Видимо почувствовав мое настроение, Прищепа крякнул и решил поправиться:
– Да кому она нужна, эта власть! Только всяким, прости господи, черт знает кому... Пролетарии... Хозяевам власть ни к чему... Только хозяйство не трожь!
Мне хотелось поразговаривать с ним еще – для Книги Добра и Зла. Но угнетало молчание Палази.
К зданию суда мы подъехали часам к десяти утра. Заседание должно было начаться через полчаса. Я отметился у секретаря и заглянул в зал.
Все скамьи были заняты. Публика большей частью интеллигентная сухонькие старички в суконных толстовках, перешитых из офицерских кителей, в пенсне-велосипедах, старушки в широких юбках из черного сатина и в темных шляпках. Были, правда, здесь и мужики в огромнейших сапогах и засаленных брюках военного образца – походившие на биндюжников. Сидел какой-то широченный человек – голова его суживалась кверху – с цепочкой накладного золота поперек серой жилетки. Возле окна жались в боязливую группку несколько сельских женщин, – наверно, жены подсудимых. Но их, "людей из народа", было очень мало...
"М-да, – подумал я. А потом сообразил: – Нет времени у рабочих и у крестьян слоняться по судам. А те, что сидят здесь, – это особая публика из "бывших" – примеряются к новой юстиции, ходят сюда на репетицию".
Я встал у стены, протер очки. В зале было душно, пахло нафталином, пудрой, луком и вареной рыбой.

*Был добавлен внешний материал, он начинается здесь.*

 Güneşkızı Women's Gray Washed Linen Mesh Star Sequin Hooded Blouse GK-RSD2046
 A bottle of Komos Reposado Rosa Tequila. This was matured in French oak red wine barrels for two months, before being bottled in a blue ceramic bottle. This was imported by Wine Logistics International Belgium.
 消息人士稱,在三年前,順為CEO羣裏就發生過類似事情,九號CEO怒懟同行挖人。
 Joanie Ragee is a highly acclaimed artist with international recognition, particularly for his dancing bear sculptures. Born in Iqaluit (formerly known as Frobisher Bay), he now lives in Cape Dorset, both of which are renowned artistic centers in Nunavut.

Но вот на возвышение взбежал секретарь, худой мужчина в очках с железной оправой, с синей папкой.
– Прошу встать, суд идет!
Все покорно вскочили с мест.
В дверях показался высокий полный мужчина с бритой головой, в длинной льняной косоворотке, подпоясанной витым шнуром. По тому, как непринужденно и твердо поднимался он по ступенькам на глазах у всего завороженного притихшего зала, я сделал вывод, что это – председатель суда, постоянный судья. За ним, с опаской поглядывая в зал, шли четверо дежурных судей: высокий худой старик с обвисшими усами, в длинном синем пиджаке, будто с чужого плеча, кругленький коротышка в железнодорожной форме, бравого вида демобилизованный красноармеец – от застенчивости все время поправлял под поясом гимнастерку – и четвертая – чернявая, очень красивая женщина в красной косынке и расстегнутой кожанке. Эта прошла гордо, как на параде. Боже мой, до чего же любят женщины власть!
– ...Прошу садиться!
И с облегчением, как провинившиеся школяры, которым простили вину, публика уселась на места.

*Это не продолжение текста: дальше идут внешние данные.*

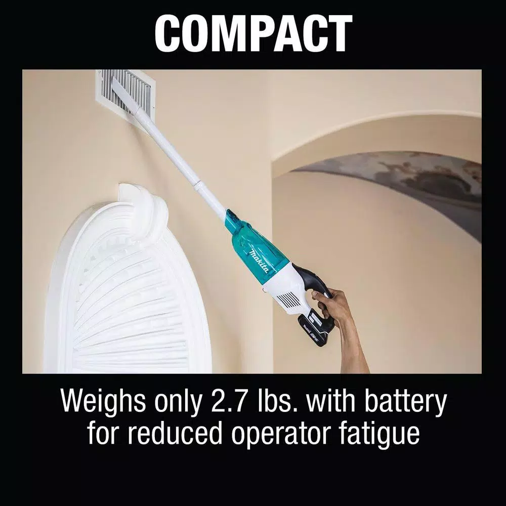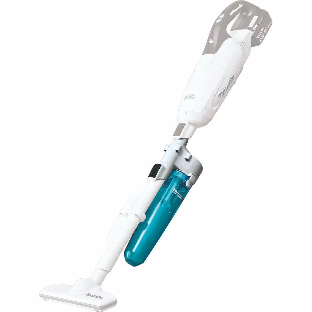 The Makita 18V LXT Brushless Cordless Vacuum Kit, model XLC03R1WX4, is a compact and powerful cordless vacuum with strong suction for fast and efficient cleaning. The vacuum can be used with trigger mode or slide switch mode for ease and convenience. Compact and ergonomic design for operator comfort and, at 2.7 lbs., is lightweight for reduced operator fatigue. A bagless cloth filtration system allows for easier cleaning and quicker debris disposal. The vacuum and included nozzle and attachment feature the distinctive teal and white trade dress. The XLC03R1WX4 is a kit and includes 1 fast-charging 18V LXT 2.0 Ah lithium-ion battery and efficient Rapid Optimum Charger. The powerful Makita-built motor delivers up to 49 CFM. Its part of Makitaโs expanding 18V LXT system, the worlds largest cordless tool system powered by 18V lithium-ion batteries. Makita 18V Lithium-Ion Batteries have the fastest charge times in their categories, so they spend more time working and less time sitting on the charger. For improved tool performance and extended battery life, Makita created Star Protection Computer Controls. Star Protection is communication technology that allows the Star Protection-equipped tool and battery to exchange data in real time and monitor conditions during use to protect against overloading, over-discharging and overheating. This bundle also comes with 191D70-5 White Cyclonic Vacuum Attachment w/Lock.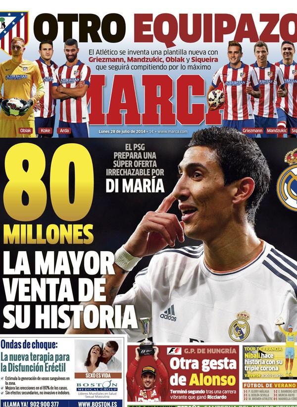 Таким образом, переход Ди Марии в «ПСЖ» может стать самой крупной продажей в истории мадридского клуба. В настоящее время рекорд принадлежит полузащитнику Месуту Озилу, который год назад перешел из «Реала» в «Арсенал» за 50 миллионов евро.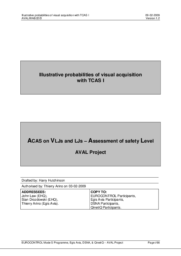 This report concentrates on the probability of flight-crew visually acquiring an intruder (the ‘see’ component of see-and-avoid). An assessment of the efficacy of manoeuvres in response to visual acquisition (the ‘avoid’ component) will form the subject of another report within the AVAL project.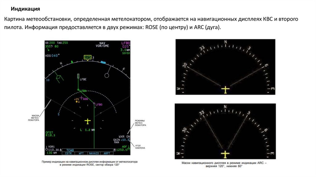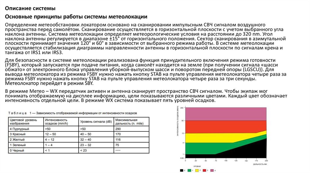 наклона антенны. Система метеолокации определяет метеорологические условия на расстоянии до 320 nm. Угол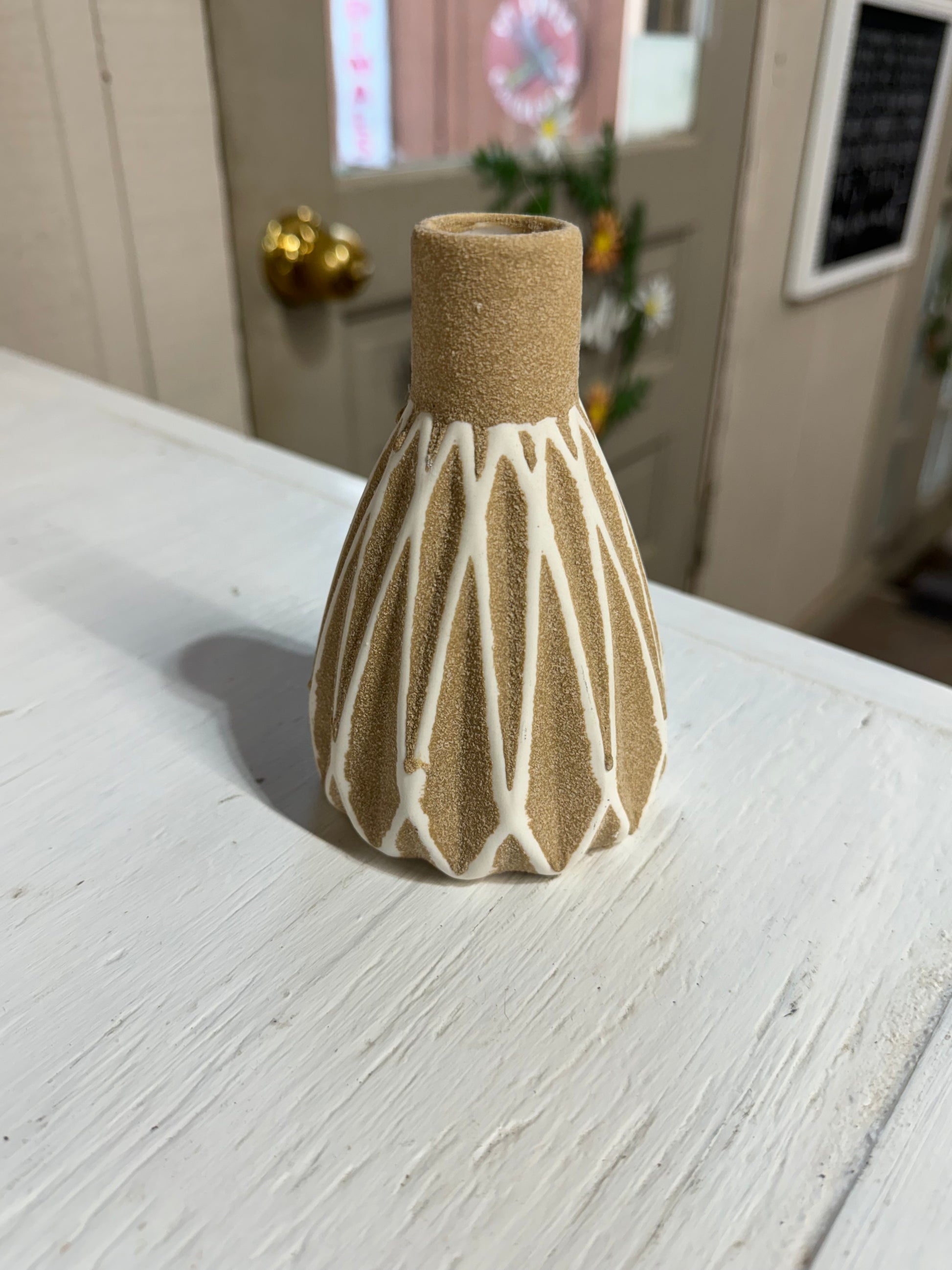 Tan & White Sandy Textured Vase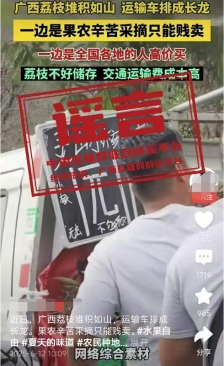 事实:六月十二日,网爆“近日广西荔技堆积成山,运输车排起了长队。影片显示荔技沉积和“灵山荔技1元”字样,果农辛苦收获只能便宜卖。经过核实,视频内容并非发生在灵山县。目前,灵山荔技“妃子笑”等中熟品种逐步批量上市,大规模上市日期为6月20日左右。目前荔技产销有序进行,没有发现“荔枝滞销廉价销售”、“采收堆积成山”、“运输车排成长队”等个别媒体报道,也没有发现价格低至1元的荔技销售。(来源:“广西网络违法不良信息举报”微信公众号)

– Слушается дело по обвинению Македона Петра Тимофеевича (затем председатель суда назвал еще пять или шесть фамилий) в умышленном убийстве гражданина Савчука Кирилла Трифоновича, 1885 года рождения, женатого, гражданина УССР. Введите подсудимых!
Через те же самые двери, в которые вошли судьи, несколько милиционеров, вооруженных карабинами, ввели обвиняемых. Мужики были уже хорошо вышколены, руки привычно держали сложенными за спиной, шли медленно и осторожно, чтобы не злить конвойных. Даже головы не поворачивали смирные, как волы.
И, как покорный скот в загон, вошли в загородку рядом с возвышением, согнулись на скамьях, милиционер закрыл дверцы, и конвойные стали столбами, чтобы стеречь их – не их самих, не людей от них – соблюдать закон.
Долго и нудно председатель суда зачитывал обвинительное заключение.
И от казенных, округло-равнодушных слов этой бумаги удивительным образом расплывалась и улетучивалась страшная вина мужиков.
Обросшие и тихие, подсудимые вслушивались в бесцветные и привычные слова, иногда морщили лоб, если случалось непонятное слово, и уже, кажется, сами не верили в то, что натворили.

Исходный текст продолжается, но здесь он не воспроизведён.